(Dataset excerpts)
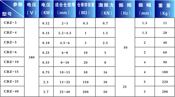 六、CBZ防爆倉壁振動器技術(shù)參數(shù):
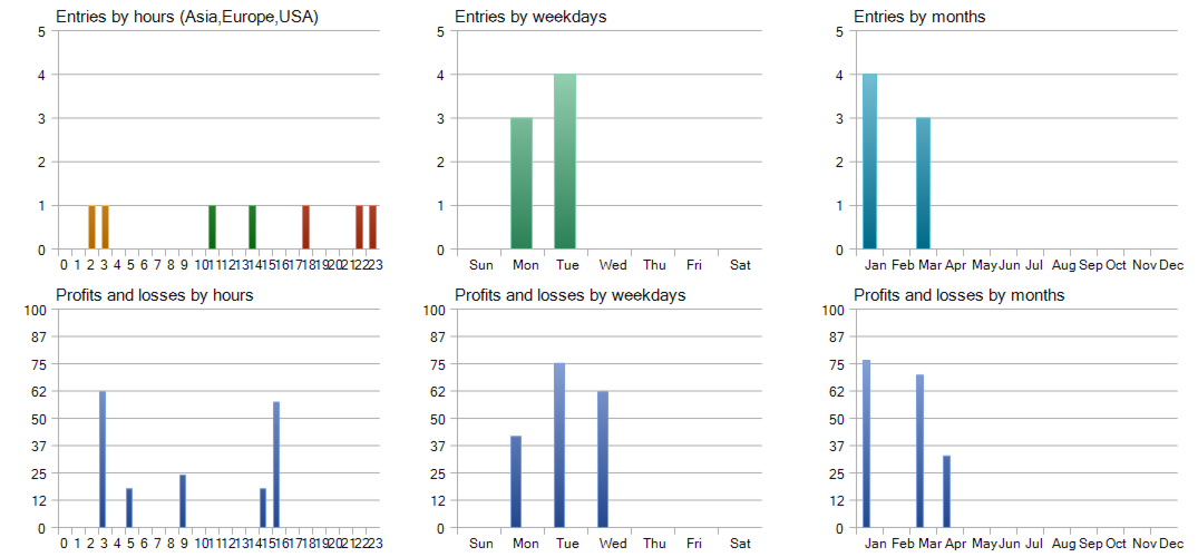 Win Rate: 75%. It won 6 out of 8 trades in this specific test run.
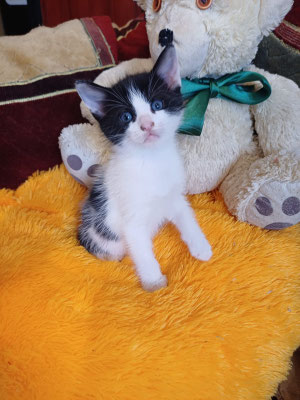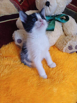 Simba is one of four adorable kittens, along with Leo, Jerry und Blacky, von Tinka, who came to us from a cemetery – like so many of our cats. When she arrived, she was pregnant and soon gave birth to Simba and his siblings.
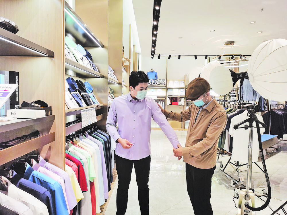 昨日,市民龔先生在商捷服飾展廳選購衣服。
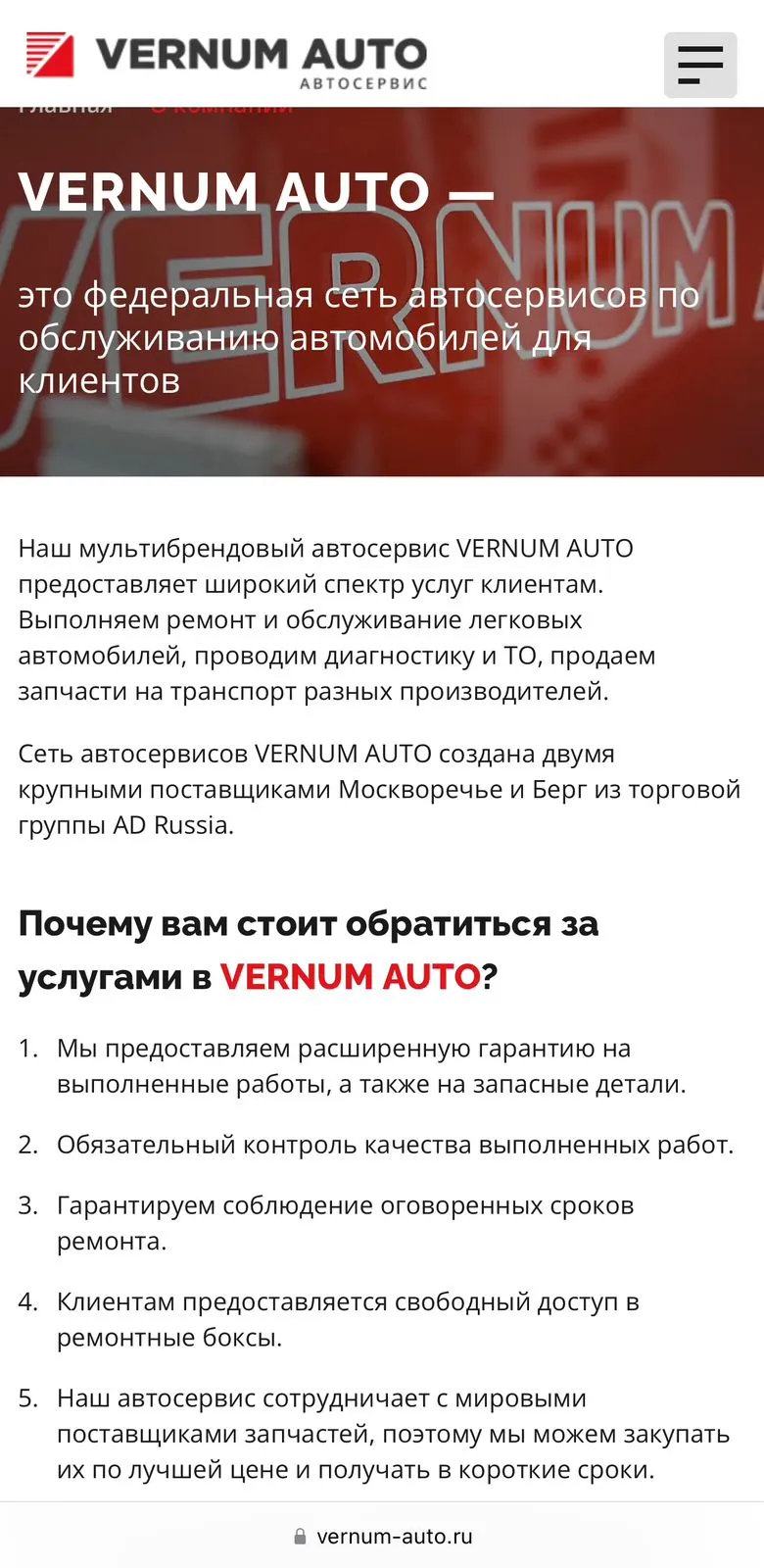 VERNUM AUTO - это федеральная сеть автосервисов по обслуживанию автомобилей любых марок. Сеть СТО VERNUM AUTO предоставляет широкий спектр услуг клиентам. Они выполняют ремонт и обслуживание легковых автомобилей, проводят диагностику и ТО, продают запчасти на транспорт разных производителей. Сеть автосервисов была создана двумя крупными поставщиками Москворечье и Берг из торговой группы AD Russia.
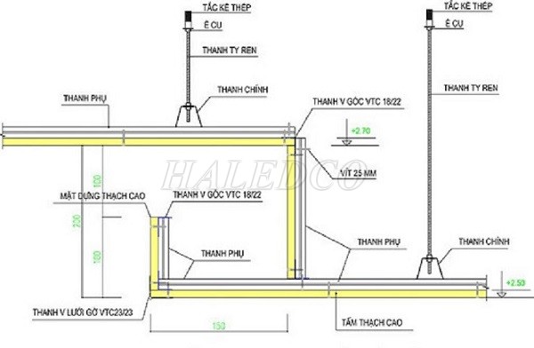 Ngoài ra, các bản vẽ cũng cần thể hiện một cách rõ ràng cách kết nối và liên kết các phần của trần thạch cao, điều này đảm bảo độ bền và sự an toàn trong quá trình sử dụng. Điều này càng trở nên quan trọng hơn khi trần thạch cao giật cấp có khả năng tạo ra các bề mặt phẳng mịn màng, giúp nâng cao giá trị thẩm mỹ của không gian sống và làm việc.
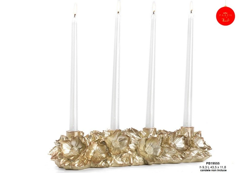 CENTROTAVOLA CON FIORI PORTACANDELE 43.5 CM. RESINA ORO
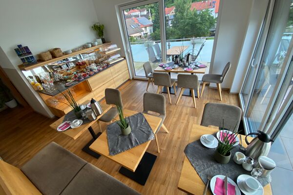 Morgens erwartet sie ein reichhaltiges Frühstückbuffet im charmanten Frühstücksraum oder bei schönem Wetter auf der Terrasse mit Blick auf das Hambacher Schloss und in die Rheinebene. Hier können Sie den Tag mit frischen regionalen Produkten beginnen, darunter knusprige Brötchen, frisches Obst und lokale Spezialitäten. Der Duft von frisch gebrühtem Kaffee erfüllt den Raum, während die ersten Sonnenstrahlen die Weinberge in goldenes Licht tauchen.
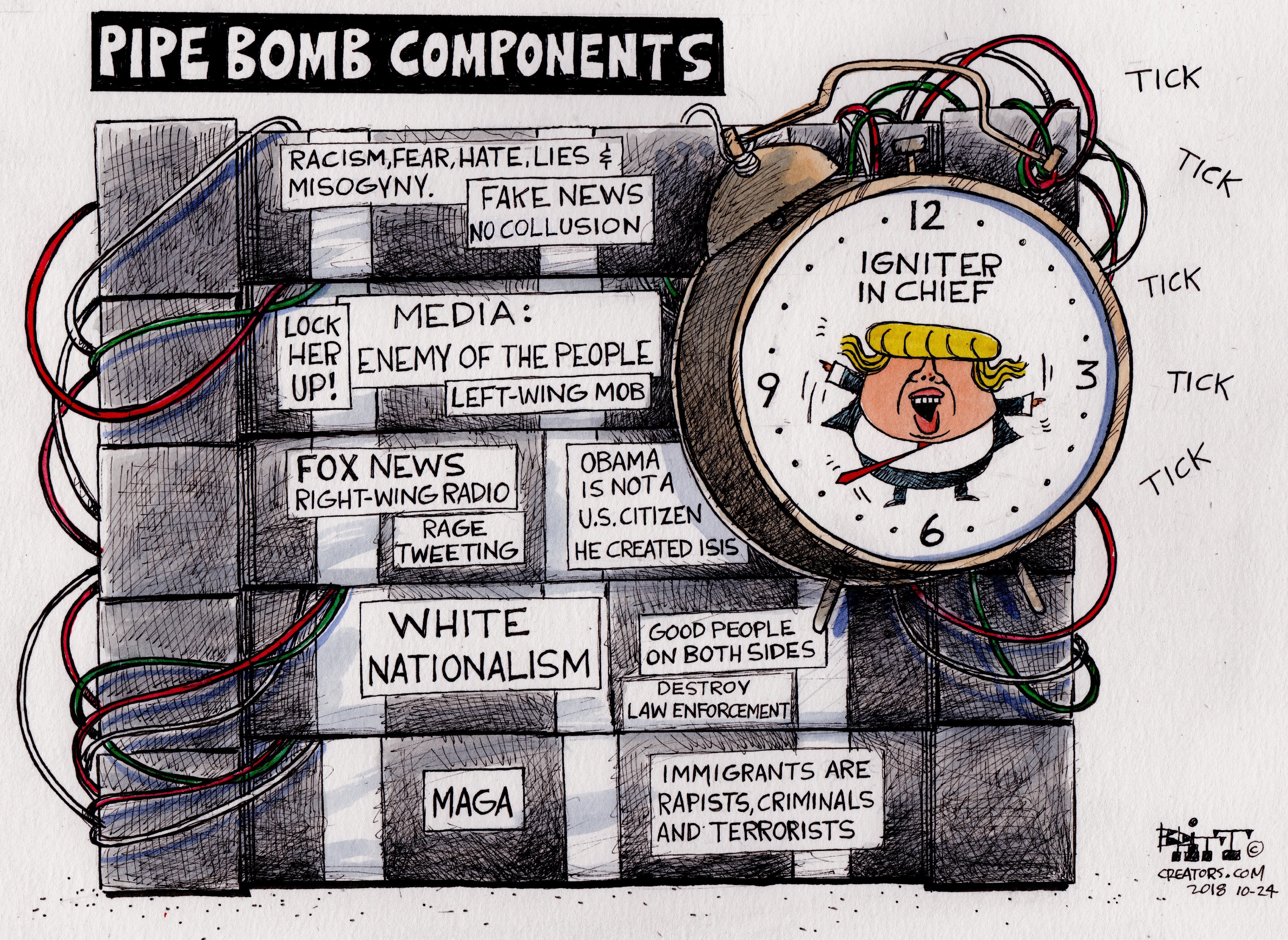U.S. Trump igniter in chief pipe bomb fake news hate lies white nationalism MAGA
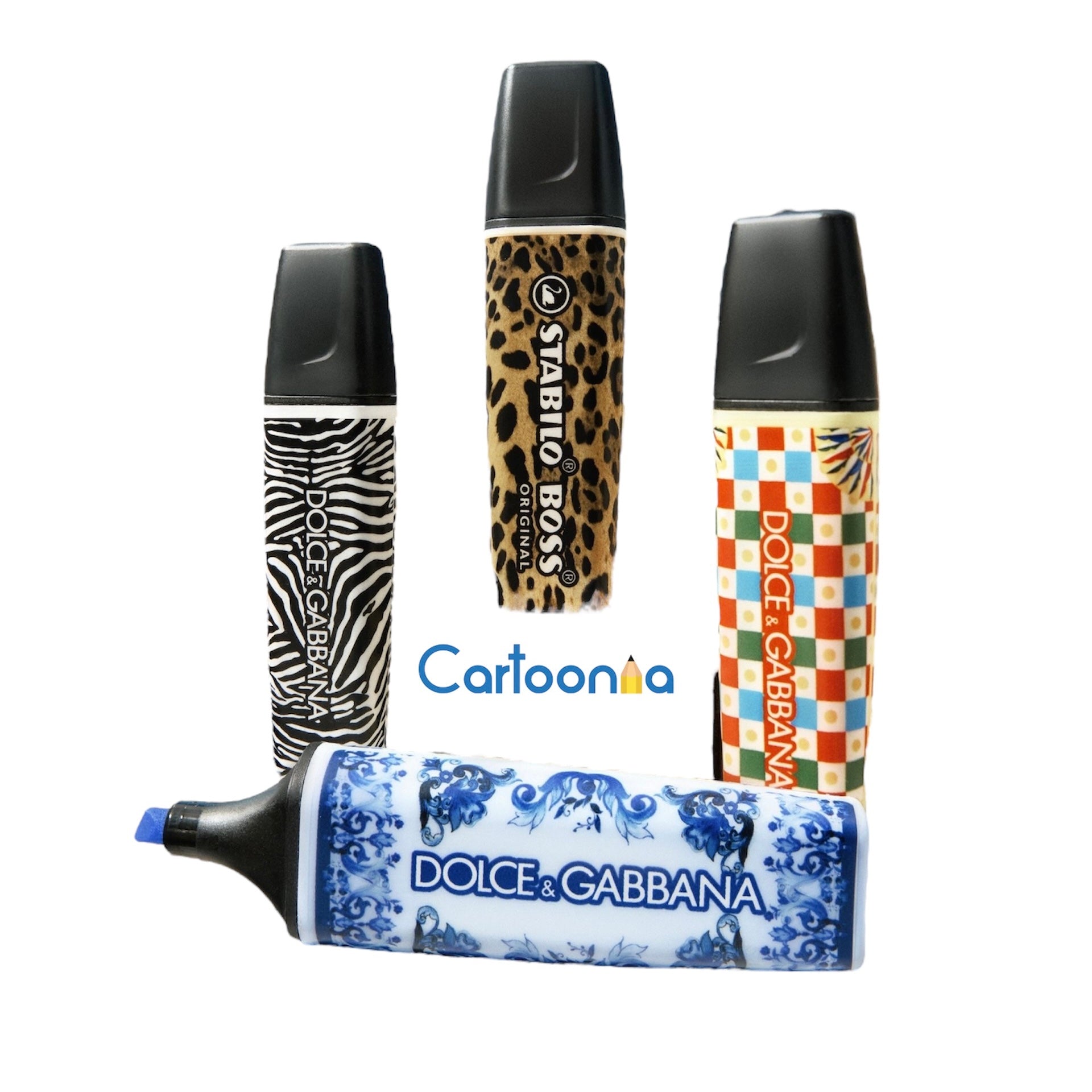 Per questa esclusiva collezione sono state scelte quattro colorazioni che richiamano alcune delle fantasie più iconiche di Dolce&Gabbana: l’allegria dei decori della tradizione siciliana caratterizza l’evidenziatore Stabilo Boss Original nella colorazione Milky Yellow, l’anima graffiante e decisa del Leopardo caratterizza la tinta Beige, mentre il bianco e nero della stampa Zebra e le maioliche Blu Mediterraneo decorano rispettivamente i modelli Black e Cloudy Blue.
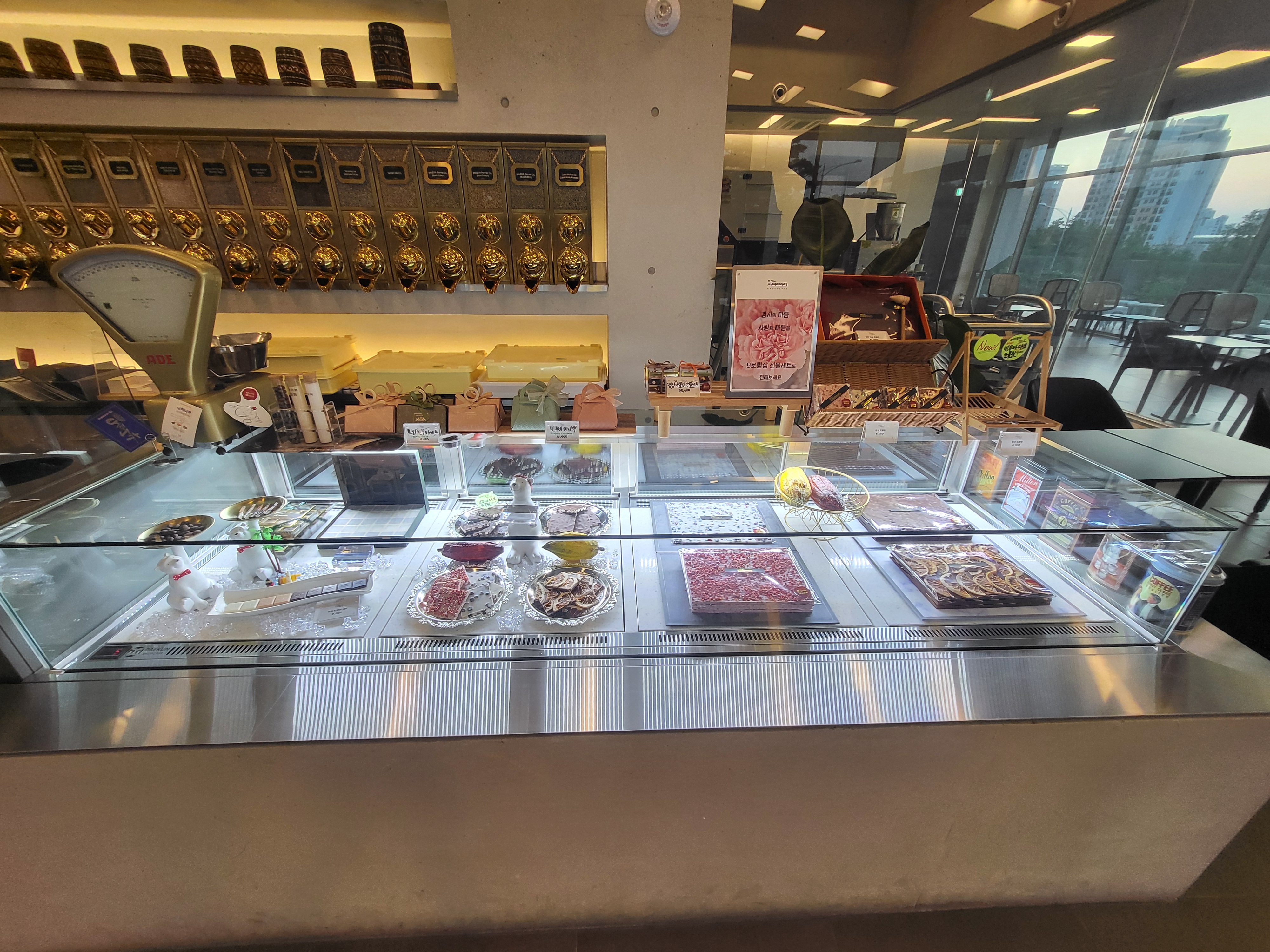 의 디저트 진열대에는 색색의 달콤한 간식들이 가득 차 있어 눈을 즐겁게 해줘요! 어떤 것을 선택할지 고민하게 만드는 매력이 있답니다.
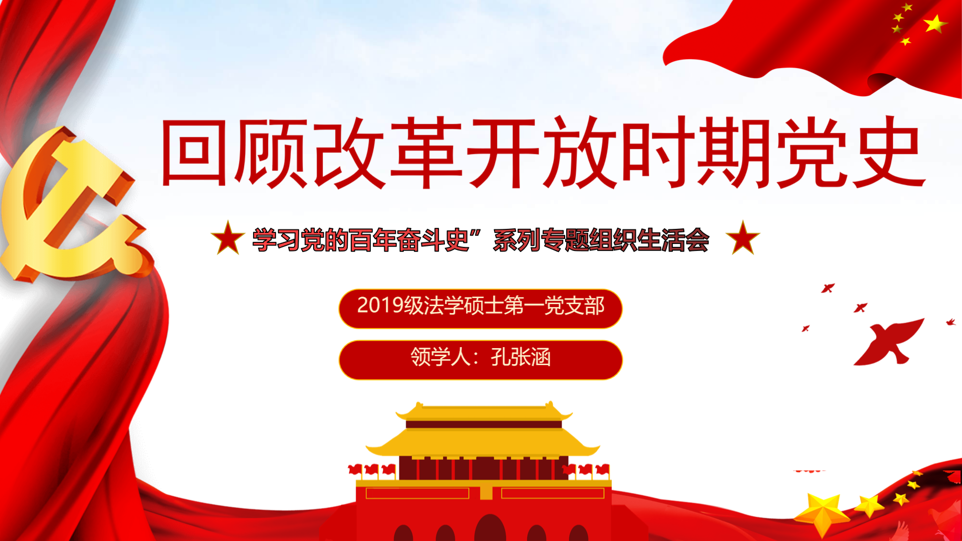 2021年6月3日晚,2019级法学硕士第一党支部开展了“学习党的百年奋斗史”系列专题组织生活会之回顾改革开放时期党史。此次会议通过线上视频的方式举行,由党支部书记杨安华主持,党支部宣传委员孔张涵带领大家共同学习。

• _ASSIGNMENT_:
Pictures are not part of the answer. Restate word for word the lines from the one with "U.S. Trump igniter" through the last line of the records.

• _OUTPUT_:
U.S. Trump igniter in chief pipe bomb fake news hate lies white nationalism MAGA
 Per questa esclusiva collezione sono state scelte quattro colorazioni che richiamano alcune delle fantasie più iconiche di Dolce&Gabbana: l’allegria dei decori della tradizione siciliana caratterizza l’evidenziatore Stabilo Boss Original nella colorazione Milky Yellow, l’anima graffiante e decisa del Leopardo caratterizza la tinta Beige, mentre il bianco e nero della stampa Zebra e le maioliche Blu Mediterraneo decorano rispettivamente i modelli Black e Cloudy Blue.
 의 디저트 진열대에는 색색의 달콤한 간식들이 가득 차 있어 눈을 즐겁게 해줘요! 어떤 것을 선택할지 고민하게 만드는 매력이 있답니다.
 2021年6月3日晚,2019级法学硕士第一党支部开展了“学习党的百年奋斗史”系列专题组织生活会之回顾改革开放时期党史。此次会议通过线上视频的方式举行,由党支部书记杨安华主持,党支部宣传委员孔张涵带领大家共同学习。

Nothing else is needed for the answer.